Saturday, October 25, 2008

Something From Your Heart

I'm rubbing shoulders with the... well, not rich and famous, but the important government, non-governmental organization, and civil servant people of the world.

Feeling more relaxed? Not really, but I play along. I don't initiate conversation, but will always chat away with anybody who makes the effort to address me. Haven't gotten a hang of that polite, witty, cosmopolitan jargon yet, and I still can't make my body behave as if it's a natural element of the diplomatic surroundings it is in. I compensate by keeping a low profile. Sometimes I try to take on a disinterested look, and hope that it will pass for an I'm-such-an-experienced-UN-person-I-can't-even-be-bothered-with-shaking-the-Secretary-General's-hand look.

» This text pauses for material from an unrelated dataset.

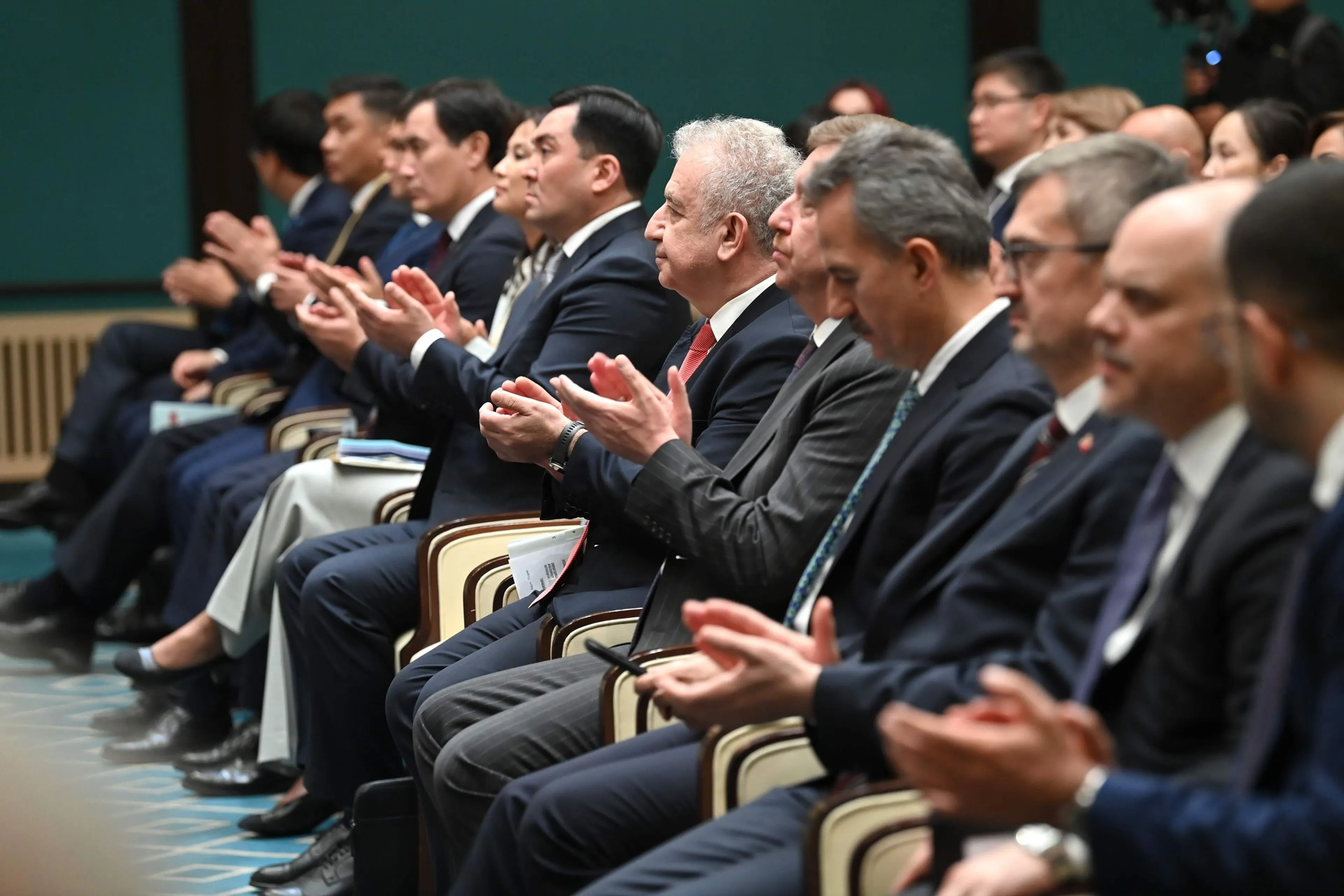 «В качестве открытого и надежного партнера мы всегда готовы оказать поддержку турецким инвесторам и приглашаем ваши компании к участию в масштабных долгосрочных проектах. Прекрасные возможности открываются для укрепления транспортно-логистических связей. Нам следует максимально использовать стратегическое расположение наших стран. В настоящее время около 85% грузов, перевозимых по суше между Европой и Китаем, проходит через Казахстан. Большое значение также имеет развитие Транскаспийского международного транспортного маршрута, известного как Средний коридор. Данная инициатива отвечает интересам обеих стран. Казахстан осуществляет модернизацию железной дороги, строительство автомобильных дорог и обновление инфраструктуры для активизации судоходства на Каспийском море. Приглашаем турецких инвесторов к активному участию в этих проектах. Наше правительство готово предоставить особые льготы турецким предпринимателям», – заявил президент.

I lie. Actually, I always introduce myself as the intern in order to account for my lack of expertise and experience in certain areas. Better to be transparent from the first handshake, than have somebody call your bluff half-way through the meeting. But I do keep a low profile.

I got the veteran New York subway traveler mien down to an art, though. I sweep by lost tourists with a scent of true New York that lingers in their nostrils as they watch me walk away with quick steps towards wherever it is that real New Yorkers go. Sometimes people stop me and ask for directions in heavily accented Englishes and I find myself actually knowing where to point them to.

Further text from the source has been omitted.